For those interested here is a rough outline of my STM32 development plan

STM32

Goals of the project:

  • Higher resolution 12 bit ADCs
  • Higher sampling rate
  • Continuous sampling on all Voltage and Current channels
  • Shield/extension design
  • RaspberryPi core, local datastorage, visualisation
  • Learning resources on the STM32 platform to enable modification & customisation.

Steps:

  1. Work through STM32 power supply, clock, programming sub circuits, check understanding, component sourcing. Put together base board design (equivalent of a STM blue pill, or Ken’s ARMIGO) potentially with a couple of CT and ACAC sensor inputs for initial testing.
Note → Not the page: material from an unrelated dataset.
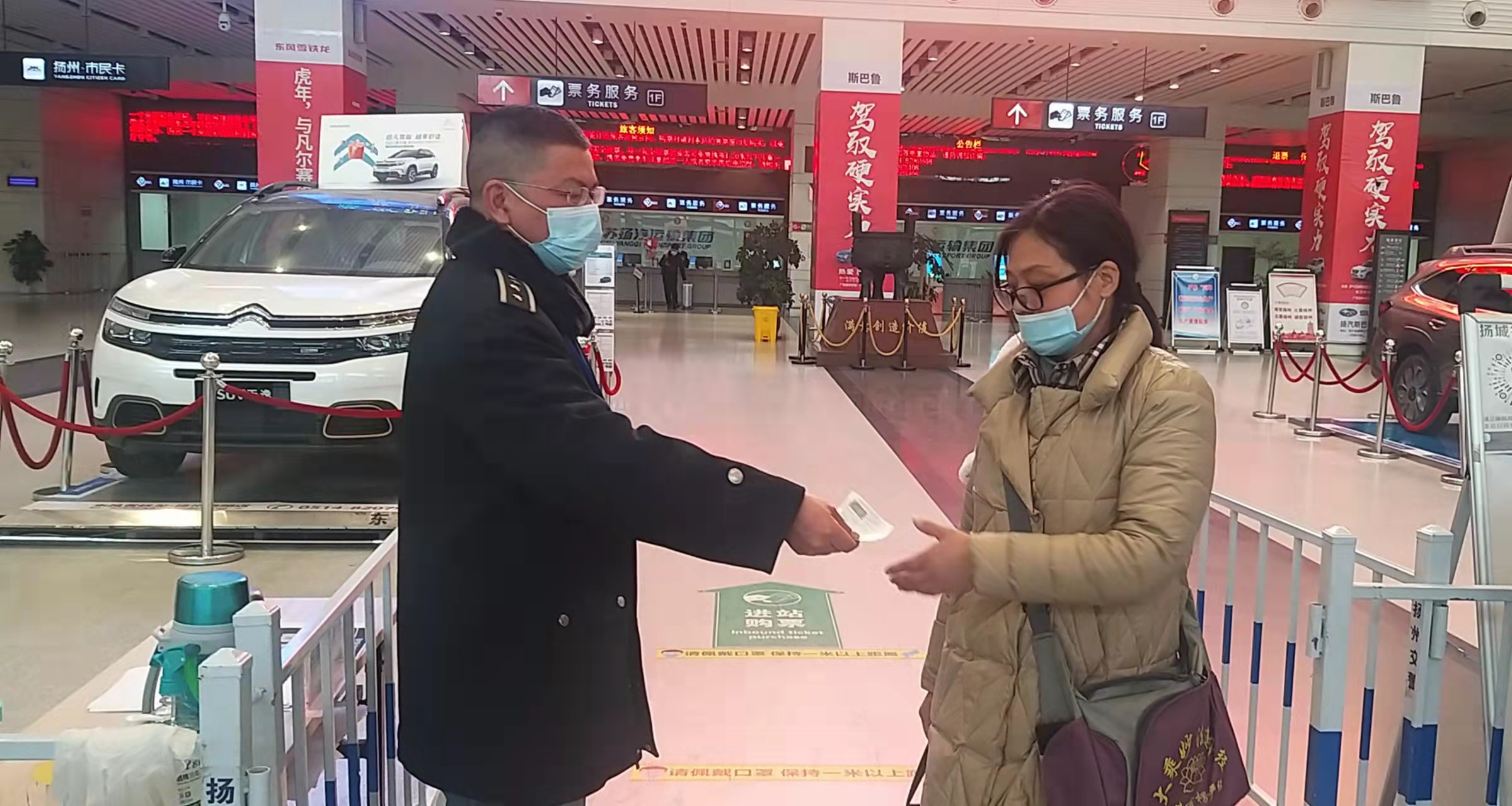 當班值班站長黃建軍見狀,趕緊上前了解情況。原來,方女士是在揚州務工的,一直身體不好,年關到了,辭了揚州的工作,準備帶著女兒回老家安徽銅陵,結果因為自己在網(wǎng)上購錯票了,等到發(fā)車前才發(fā)現(xiàn),但身上也沒有多余的錢再多留宿一晚。母女倆人著急忙慌的趕到車站,卻無計可施。

  2. Filter design for CT and ACAC voltage input circuits.

  3. Construct 3D model of enclosure options, visualise different stacking design options, connectors, raspberrypi location. Ease of manufacture & assembly.

  4. Verify MBUS reader running on STM32 alongside energy monitoring code.

  5. Understand @dBC one wire code and timing implications.

  6. Review base-board feature requirements:

    • STM32 core and pin count
    • Number of CT sensor inputs
    • CT sensor mapping to ADC channels
      sequential vs parallel sampling capabilities.
    • Number of ACAC Voltage inputs
    • DS18B20, pulse counting connector types and numbers.
    • MBUS
    • RaspberryPi connector and mounting
    • ESP8266 on board
    • RFM69 support
    • RTC
    • Display & push button

Evaluate cost implications of including on board vs requiring shield additions for items such as MBUS, RFM69 & ESP8266.

  1. Create PCB layout for first hardware design. Get prototypes, testing, fix issues, EMC prelim, design iteration and revaluation of next steps from this point.

I will keep updating as this progresses. This is work I’m doing alongside emoncms and emoncms.org development and so development will be a little discontinuous at times.